Neonatal choking hazard from colostrum syringe caps

This case study is one in a set of patient safety ‘how we acted on patient safety issues you recorded’ case studies which show the direct action taken in response to patient safety events recorded by organisations, staff and the public, and how their actions support the NHS to protect patients from harm.

The National Patient Safety Team were notified by a trust Medical Device Safety Officer (MDSO) of an incident where a baby ingested the cap off a purple colostrum syringe. The baby was being fed expressed colostrum by the parent who was unaware of the presence of the cap when the feed started . Colostrum is the first breast milk the mother produces providing important nutritional benefits for newborns.

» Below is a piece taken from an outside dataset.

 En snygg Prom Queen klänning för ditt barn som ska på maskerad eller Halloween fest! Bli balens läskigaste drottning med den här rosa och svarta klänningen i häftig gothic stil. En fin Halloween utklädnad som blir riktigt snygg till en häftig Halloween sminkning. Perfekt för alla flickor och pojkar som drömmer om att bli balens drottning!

When pressure was placed on the syringe plunger accidental cap dislodgement occurred and the baby required surgery to remove the cap. Despite the purple colour, the syringe was not licenced for the administration of colostrum.

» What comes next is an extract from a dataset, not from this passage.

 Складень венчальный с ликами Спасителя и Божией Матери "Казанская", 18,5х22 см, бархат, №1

Collaboration with the MHRA resulted in the issuing of a device safety information alert. Working with key midwifery and neonatal stakeholders, a safety communication on reducing the risk of choking was issued to maternity and neonatal units.

When advised of the safety issue, the manufacturer ceased production of the syringe and have introduced a new licenced colostrum collection and administration syringe. The new syringe does not have a cap and is available to order from the NHS Supply Chain.  This intervention should reduce the risk of accidental ingestion of syringe caps.